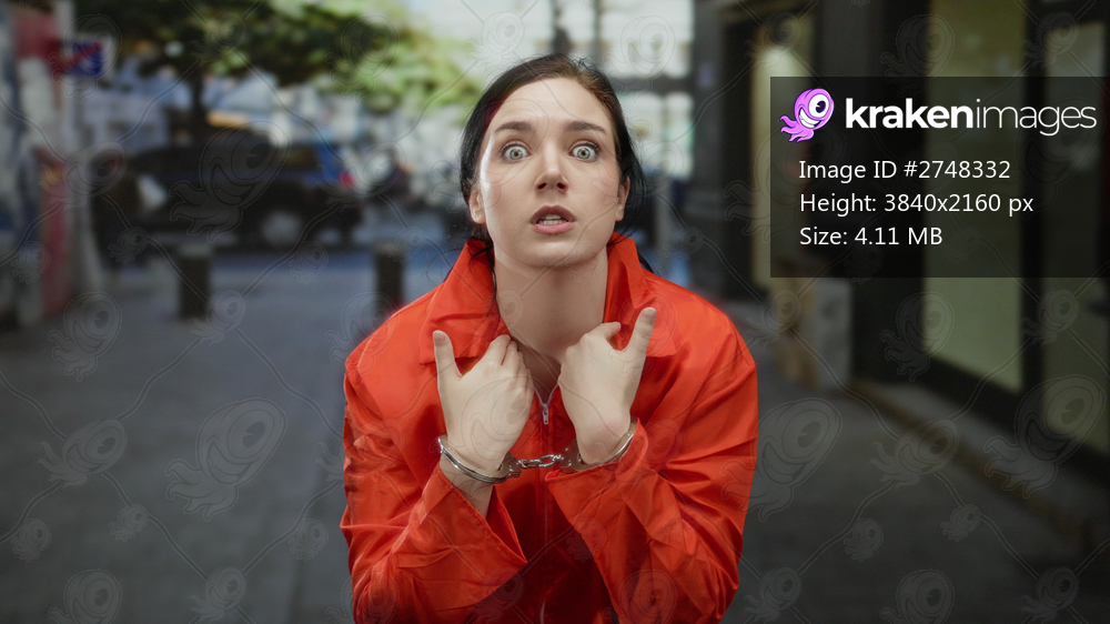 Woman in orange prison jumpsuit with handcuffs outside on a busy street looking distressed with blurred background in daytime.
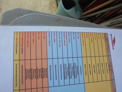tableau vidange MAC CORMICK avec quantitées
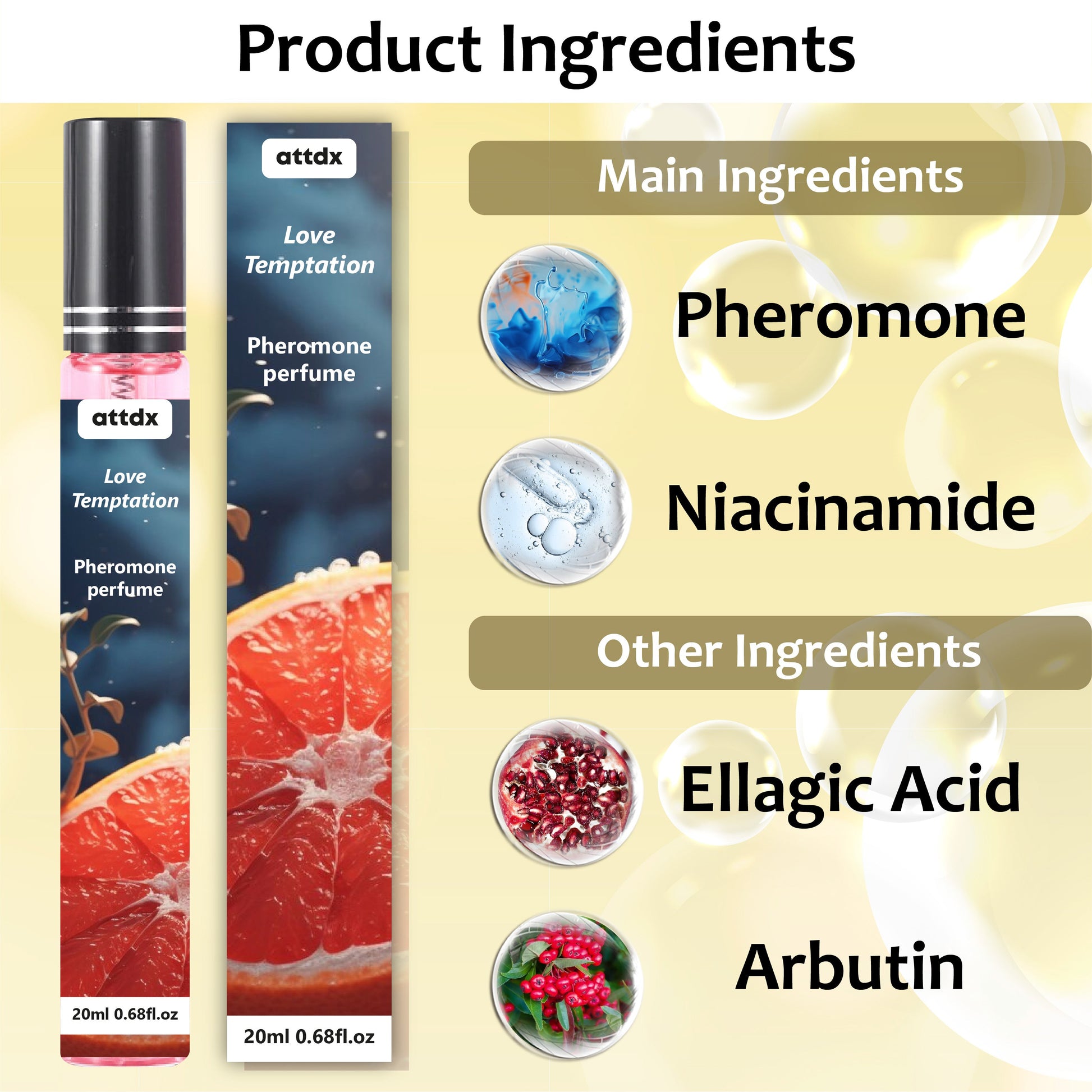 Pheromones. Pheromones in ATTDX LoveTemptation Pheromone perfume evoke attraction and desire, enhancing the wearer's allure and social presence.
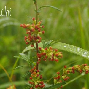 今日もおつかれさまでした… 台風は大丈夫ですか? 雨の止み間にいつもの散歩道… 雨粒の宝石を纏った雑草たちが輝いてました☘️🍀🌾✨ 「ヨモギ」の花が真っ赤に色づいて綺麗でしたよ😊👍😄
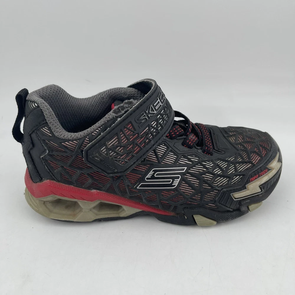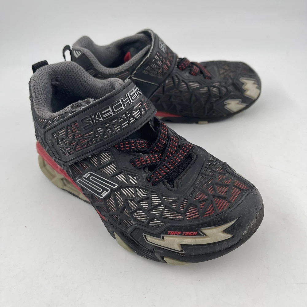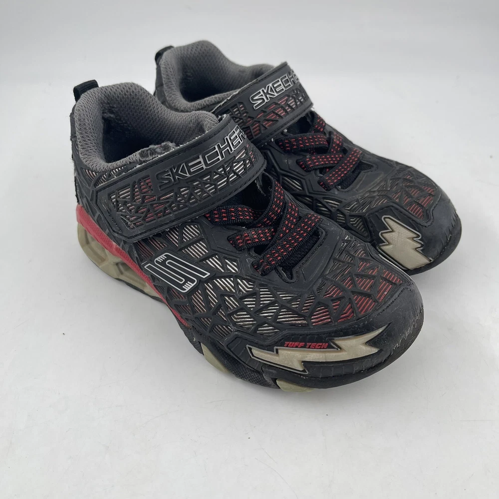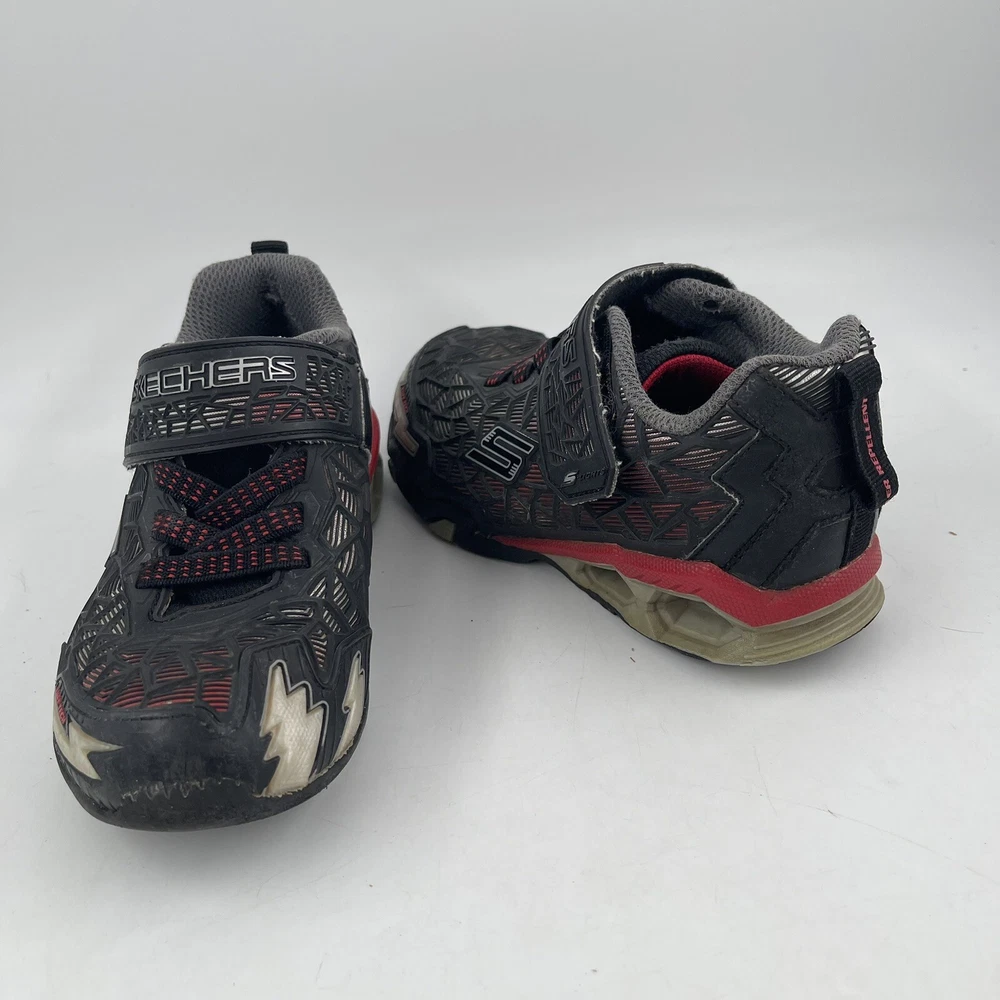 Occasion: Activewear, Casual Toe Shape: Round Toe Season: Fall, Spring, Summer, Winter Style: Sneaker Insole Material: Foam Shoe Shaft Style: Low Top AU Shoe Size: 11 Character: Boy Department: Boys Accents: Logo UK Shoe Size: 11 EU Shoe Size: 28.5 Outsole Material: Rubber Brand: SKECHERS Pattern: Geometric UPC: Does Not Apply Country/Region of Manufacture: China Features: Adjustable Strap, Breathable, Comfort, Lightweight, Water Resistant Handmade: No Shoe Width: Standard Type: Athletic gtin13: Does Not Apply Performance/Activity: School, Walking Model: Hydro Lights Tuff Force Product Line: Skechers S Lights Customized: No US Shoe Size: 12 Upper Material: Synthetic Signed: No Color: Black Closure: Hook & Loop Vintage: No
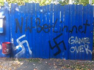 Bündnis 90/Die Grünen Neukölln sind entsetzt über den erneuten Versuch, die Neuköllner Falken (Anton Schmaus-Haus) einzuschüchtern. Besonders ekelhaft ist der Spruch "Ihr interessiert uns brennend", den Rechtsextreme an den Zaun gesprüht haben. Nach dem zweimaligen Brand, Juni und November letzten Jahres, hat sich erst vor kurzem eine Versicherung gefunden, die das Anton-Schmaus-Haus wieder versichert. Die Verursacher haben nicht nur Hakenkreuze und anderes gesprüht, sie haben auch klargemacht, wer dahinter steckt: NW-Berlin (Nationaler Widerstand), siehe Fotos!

▶ Requirement
Repeat the lines above exactly, beginning with the one containing "Pheromones. Pheromones in" and finishing with the one containing "今日もおつかれさまでした… 台風は大丈夫ですか? 雨の止み間にいつもの散歩道…". No pictures belong in the copy.

▶ Exercise result
 Pheromones. Pheromones in ATTDX LoveTemptation Pheromone perfume evoke attraction and desire, enhancing the wearer's allure and social presence.
 今日もおつかれさまでした… 台風は大丈夫ですか? 雨の止み間にいつもの散歩道… 雨粒の宝石を纏った雑草たちが輝いてました☘️🍀🌾✨ 「ヨモギ」の花が真っ赤に色づいて綺麗でしたよ😊👍😄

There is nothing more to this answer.